Homophober Angriff im Berliner Regenbogenkiez

In den frühen Morgenstunden wurde ein Mann unvermittelt in einem Lokal angegriffen

Berlin: Nollendorfplatz
Standardizer/Wikimedia - CC BY-SA 3.0

Eigentlich sollte der Regenbogenkiez rund um den Nollendorfplatz in Berlin ein Ort sein, an dem sich sexuelle und geschlechtliche Minderheiten sicher fühlen können. Doch genau dort gab es in der Nacht auf Freitag einen homophoben Übergriff.

Ein Mann ging auf den 43-Jährigen zu und schlug ihm unvermittelt ins Gesicht

Es war gegen 3.20 Uhr, in einer Gaststätte in der Eisenacher Straße. Ein Unbekannter ging auf einen 43-Jährigen Mann zu und schlug ihm unvermittelt ins Gesicht. Dabei soll der Schläger nach Angaben der Polizei gemeint haben, dass er nicht auf Männer stehe.

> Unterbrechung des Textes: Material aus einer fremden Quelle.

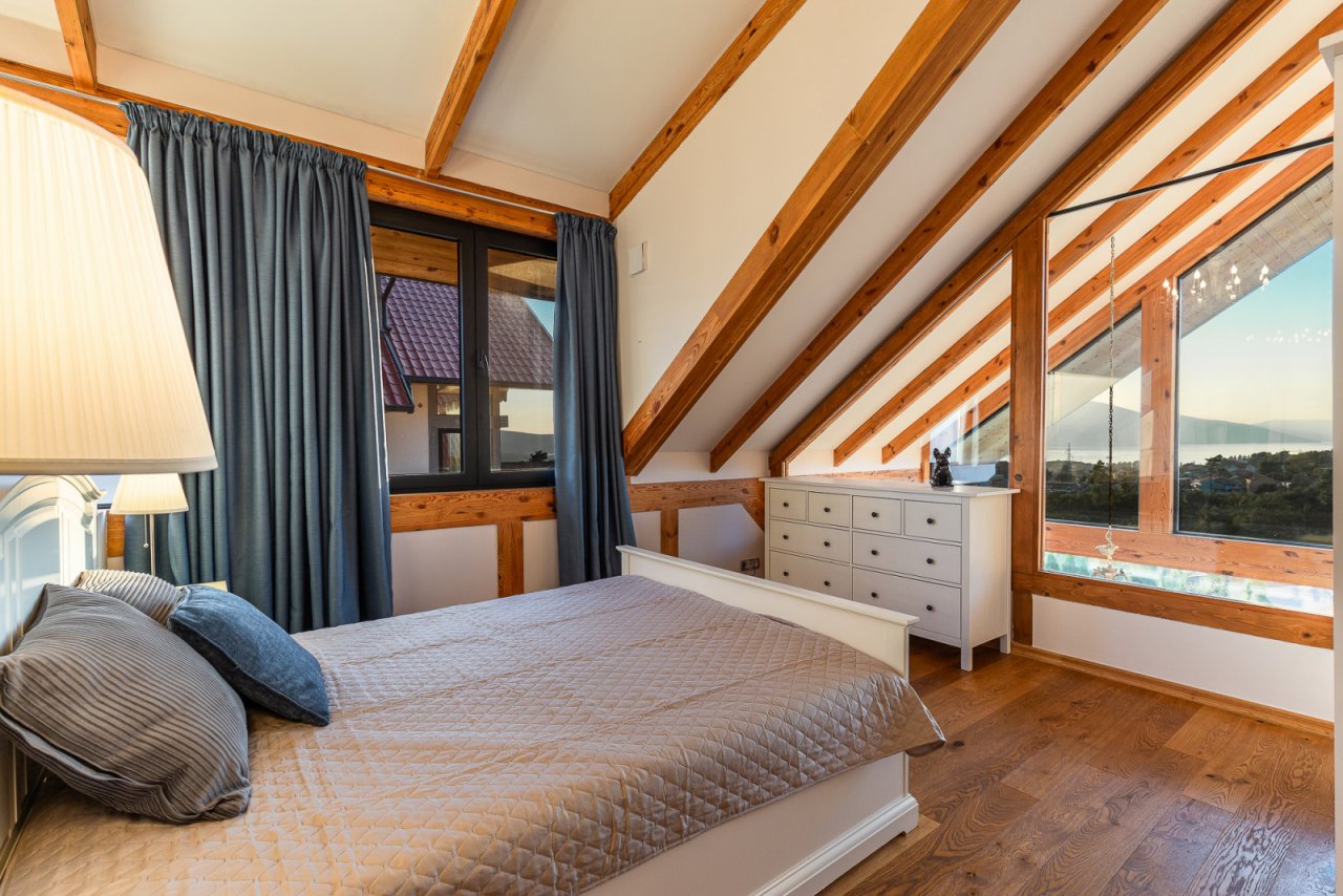 Contemporary Half-Timbered Home in Tivat Hill (2019) Elegant 230 m² residence featuring Siberian Larch timber framing and modern glass elements, combining sustainable design with practical comfort. The thoughtfully designed layout includes a large kitchen, spacious living room, 3 bedrooms, and 3 bathrooms with heated floors. The homes energy-efficient construction ensures warmth during winter months while reducing environmental impact. Set on a 150 m² plot, this property offers scenic views from both floors. The interior features quality Italian furniture and includes a flexible dressing room space that can be converted into an additional bedroom or home office as needed. The landscaped garden features an automatic irrigation system for effortless maintenance. Features: ·        Siberian Larch and glass construction ·        Smart security system with mobile app integration ·        Convertible dressing room ·        5-car parking area ·        Custom Italian furniture ·        Views from ground and first floor The propertys location in Tivat Hill presents opportunities for both family living and investment, with strong rental demand in the area.
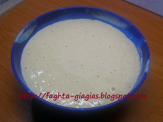 | Σ᾿ ένα μπολ ρίχνουμε το 1 φλυτζάνι νερό χλιαρό, 1 κουταλάκι του γλυκού ζάχαρη, από τη ζυγισμένη και τη μαγιά. Ανακατεύουμε μέχρι να διαλυθούν και προσθέτουμε αλεύρι, από το ζυγισμένο, περίπου 10 κουταλιές της σούπας, μέχρι να γίνει ένας χυλός. | |
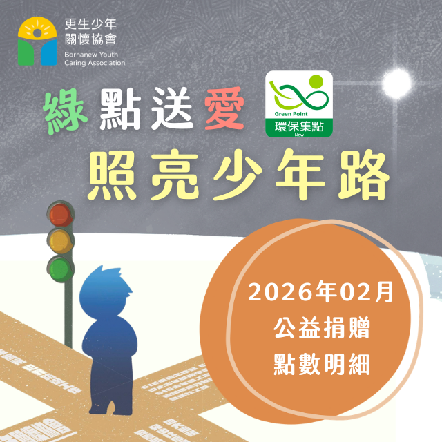 透過環保集點 APP, 選擇您想捐贈的點數面額,用綠點送愛,照亮少年路!
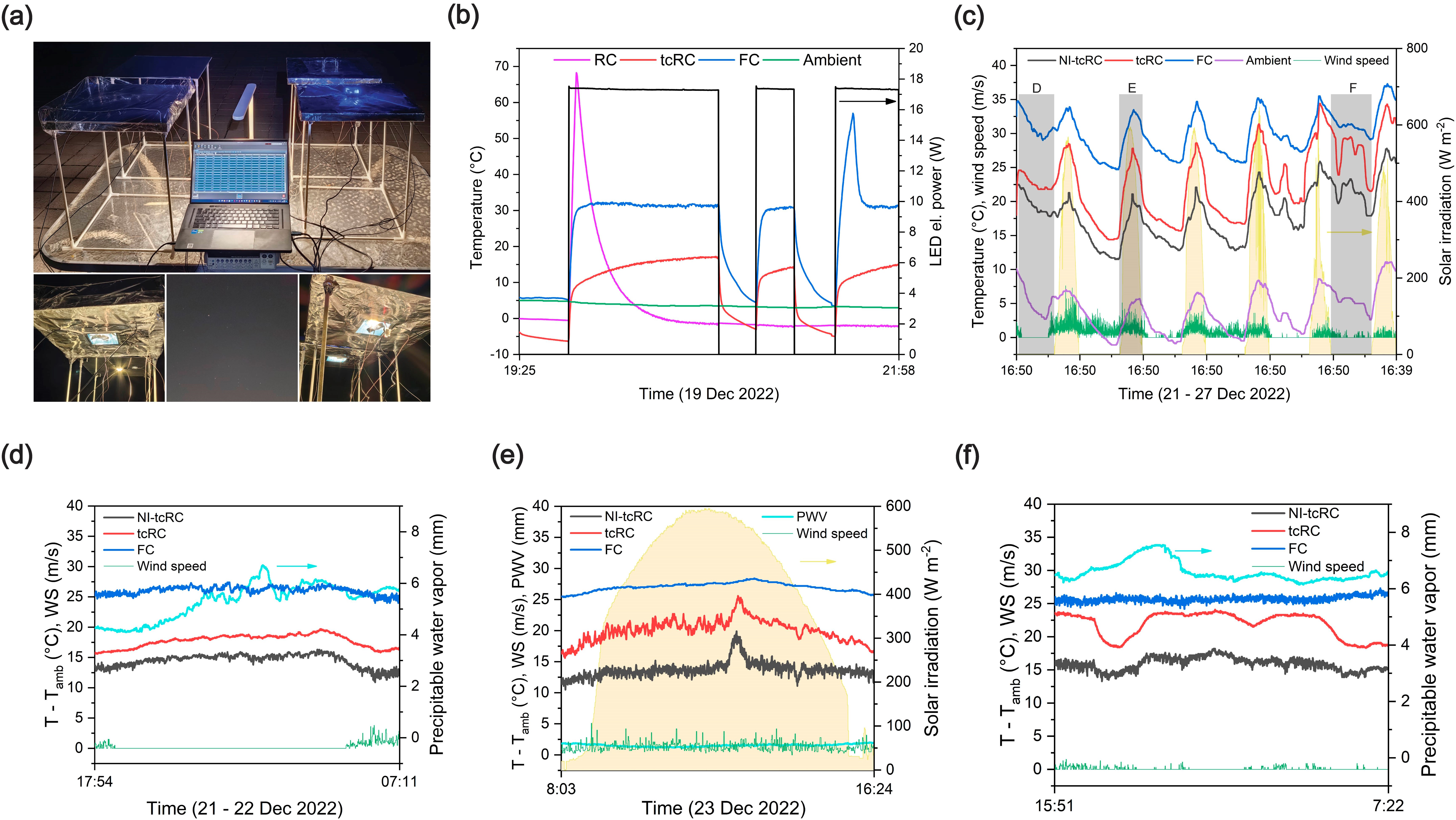 To confirm the effectiveness of the tcRC concept, a total of 66 experiments across three different locations - Ljubljana, Slovenia (46.04° N), Shanghai, China (31.02° N), and Kunming, China (24.86° N) - between August and December were conducted. Such extensive experimental validation affirms the concept's performance fairly across a broader range of ambient temperature and relative humidity conditions, as radiative sky cooling is most affected by the amount of precipitable water vapor (PWV) in the air. This sets the study apart from previous reports, which typically relied on a limited set of datasets from a single location with slight variation in ambient air conditions.
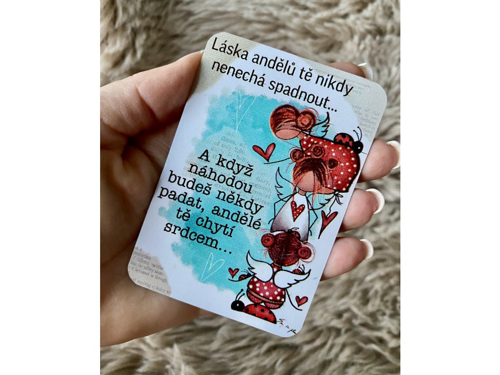 Motiv s poselstvím "Láska andělů tě nikdy nenechá spadnout.." s ilustrací Martiny Maluje, krásný detail i milý dárek..
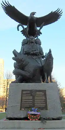 In the war, the great majority of First Nations supported the British, and many fought under the aegis of Tecumseh.[65] But Tecumseh died in battle in 1813 and the Indian coalition collapsed. The British had long wished to create a neutral Indian state in the American Old Northwest,[66] and made this demand as late as 1814 at the peace negotiations at Ghent. The Americans rejected the idea, the British dropped it, and Britain's Indian allies lost British support. In addition, the Indians were no longer able to gather furs in American territory. Abandoned by their powerful sponsor, Great Lakes-area natives ultimately assimilated into American society, migrated to the west or to Canada, or were relocated onto reservations in Michigan and Wisconsin.[67] Historians have unanimously agreed that the Indians were the major losers in the War of 1812.[68]
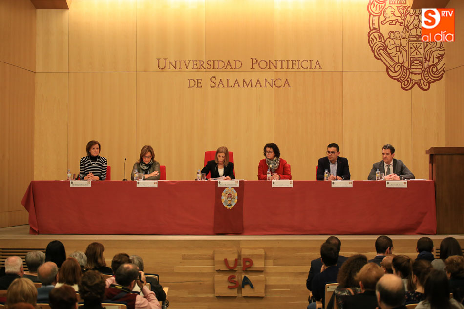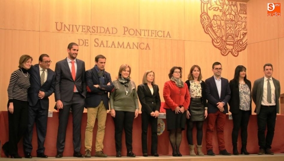 En el acto estuvieron presentes la vicerrectora de Ordenación Académica y Profesorado de la UPSA, Ana María Andaluz Romanillos; la concejala de Mayores del Ayuntamiento de Salamanca, Isabel Macías Tello; la vicerrectora de Docencia de la USAL, Izaskun Álvarez Cuarteto; el director del Servicio de Publicaciones de la UPSA, Albreto Pedrero Esteban; la directora del Programa Interuniversitario de la Experiencia de Castilla y León, María Teresa Ramos Bernal; y el coordinador del Programa Interuniversitario de la Experiencia USAL-Salamanca, Javier Alba Barrios.

Anschließend verließ der Unbekannte das Lokal. Der 43-Jährige erlitt bei dem Angriff Schwellungen im Gesicht. Wie bei allen möglichen Hassverbrechen hat der Polizeiliche Staatsschutz am Landeskriminalamt Berlin die Ermittlungen übernommen.

Häufung homophober Taten in Berlin

Nähere Informationen zum Angreifer oder dem Lokal, in dem sich der Vorfall abgespielt hat, gab es seitens der Polizei nicht. Die Eisenacher Straße durchkreuzt in ihrem nördlichen Teil von der Kleiststraße bis etwa zur Winterfeldtstraße den schwulen Kiez rund um den Nollendorfplatz. Dort gibt es auch einige schwule Lokale.

In den letzten Tagen hat es in Berlin eine Häufung von homophoben Taten gegeben: In der Nacht auf Mittwoch wurden zwei Männer auf der Kurfürstenstraße im Stadtteil Tiergarten von zwei Unbekannten zunächst schwulenfeindlich beleidigt. Danach attackierten sie die Unbekannten mit Schlägen und Tritten, die Opfer mussten im Krankenhaus behandelt werden.

Am Montag wurde ein lesbisches Paar von einer Gruppe Jugendlicher beleidigt und verfolgt, die mutmaßlichen Täter konnten in diesem Fall ausgeforscht werden. Kurz davor war eine 32 Jahre alte Frau in Berlin vor einer Disco von einem Taxifahrer lesbenfeindlich beleidigt und angegriffen worden.

Mehr Gewalt gegen sexuelle und geschlechtliche Minderheiten in Berlin

Die Zahl der Fälle von Gewalt gegen sexuelle und geschlechtliche Minderheiten in Berlin ist im Jahr 2018 gestiegen. Das dürfte auch daran liegen, dass sie immer öfter gemeldet werden. Die Berliner Polizei zählte im letzten Jahr 225 Straftaten gegen sexuelle Minderheiten, das sind 54 mehr als im Jahr zuvor. Davon konnten 47 Prozent aufgeklärt werden – ein Anstieg zu 2017, wo die Aufklärungsrate bei 42 Prozent lag.

Wer Opfer von Hasskriminalität wird, kann auf der Internetwache der Polizei Berlin online eine Anzeige aufgeben. Außerdem gibt es bei der Berliner Polizei zwei Ansprechpersonen für LSBTI. Sie sind unter der Telefonnummer +49/(0)30 /4664 979 444 erreichbar. Beim schwulen Anti-Gewalt-Projekt Maneo können LGBTI-feindliche Straftaten aus Berlin über die Webseite oder das Überfalltelefon unter der Nummer +49/(0)30 /216 33 36 (täglich von 17 bis 19 Uhr) gemeldet werden.